Холодно было — жуть. И что-то склизкое и упругое ворочалось в животе, будто целый клубок сплетенных червей, они вспучивали плоские блестящие ленты своих тел, вытягивали сплющенные головки, стремились вверх, к пищеводу. Еще немного, и он выблюет их прямо на ржавые полотнища настила.
Отчего-то вспомнилась задачка, про мост и роту полицейских, будто те маршировали строем, ритмично чеканя шаг, и мост под ними обрушился, не выдержав этого ритма. Резонанс, вспомнил Солло, все дело в резонансе.
Интересно, а как идем мы?
Рабица с одной стороны обвалилась, с другой, — полуоторванная, билась на ветру верхним краем — неровно и быстро, точно птица машет раненым крылом. Они достигли середины пролета.
Только тут Солло обернулся к Мелеку.
Мелек, бледный даже сквозь загар, смотрел с напряженной, неестественной, кривой улыбкой, приклеенной к его роже полоской серого пластыря. Ветер лохматил ему волосы, швырял вихры прямо на глаза. Под ветхой тканью футболки вздымалась и опадала грудная клетка.
А ведь он без куртки даже. Совсем, должно быть, продрог.
Солло отвернулся, и тут его нога соскользнула и куда-то поехала, он не удержал равновесия, грохнулся на колени. Сердце снова затрепыхалось как бешеное. Он выругался и начал вставать, и в этот момент нечеткая тень метнулась мимо. Мелек.
Взял и обогнул Солло — миг, и вырвался вперед. Да, просто взял и обогнул. По стороне, не защищенной сеткой.
— Двигаем?
Солло подумал, что они оба идиоты. Устроили дурацкое соревнование, гонку за право быть первым, когда мост вот-вот не выдержит и рухнет. Кто первым пойдет ко дну?
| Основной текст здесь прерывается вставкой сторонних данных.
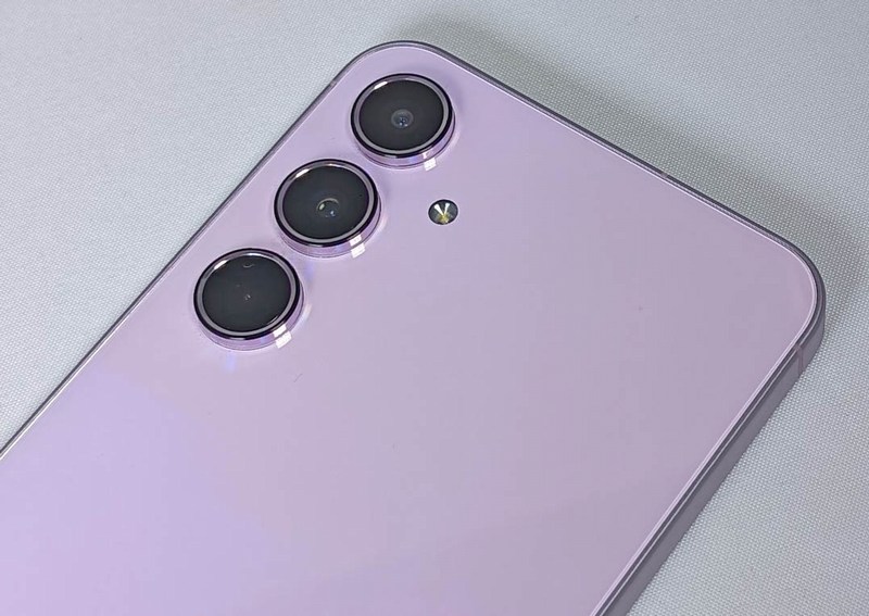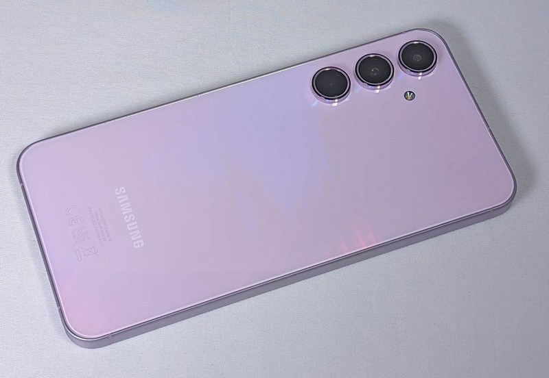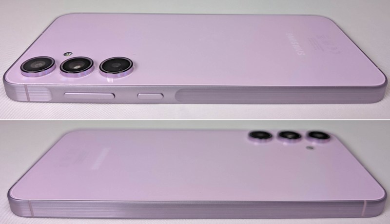Le smartphone Samsung Galaxy A55 5G propose exactement le même design que le Galaxy A35 5G qui est sorti au même moment. Côté à côté, impossible de les distinguer l’un de l’autre. Il utilise ainsi un style très épuré avec un dos totalement plat et des capteurs photo qui semblent juste posés sur la plaque arrière, au risque que la poussière s’accumule un peu entre les objectifs. Le flash est sur le même plan que le reste du dos. Il est décliné en plusieurs coloris : bleu clair, bleu nuit, lilas et lime (jaune citron). La partie arrière laisse beaucoup d’empreintes de doigt. Sur le profil droit, on retrouve la même zones légèrement bombée au niveau des boutons de mise en veille et de gestion du volume. Notez que si le châssis du Galaxy A35 5G est en plastique, celui du Galaxy A55 5G est en métal. On peut effectivement voir les antennes sur tout le pourtour.

А ведь как-то раньше ходили здесь люди — те, что жили в заброшенном поселке. Они, должно быть, работали на том острове, где станция и нефтяные платформы, и каждый день, утром и вечером, пешком пересекали пролив. Тогда проще было, конечно, прочный настил без дыр и заколдобин, и рабица тоже — прочная, новенькая, одно загляденье. Но все-таки оставалась высота, и мост так же раскачивало ветром… хотя ветер в те годы, разумеется, дул не так сильно. Это теперь, когда Завеса придвинулась ближе к берегу, здесь постоянно штормит, и наверху шквал следует за шквалом — атмосферная аномалия, он сам читал в учебнике.
Сколько еще идти?
Мелек неожиданно ускорился, так и припустил — поди, догони. Солло едва поспевал за ним, вот ненормальный, стыдится, наверное, что медлил тогда, в начале. И я не лучше.
Горстка скал впереди росла и ширилась, и башня пилона — близнец башни, оставшейся на той стороне, — прежде маленькая, как спичка, тоже вымахала ржавой громадиной. Еще несколько метров, и внизу, в реве и пене вечного шторма, замелькают прибрежные камни.
Тень накрыла их внезапно. Только что сквозь облачную вату лился серый пасмурный свет, и вдруг потемнело, не как от облака, а так словно они выбрели к огромной стене, плотно загородившей солнце.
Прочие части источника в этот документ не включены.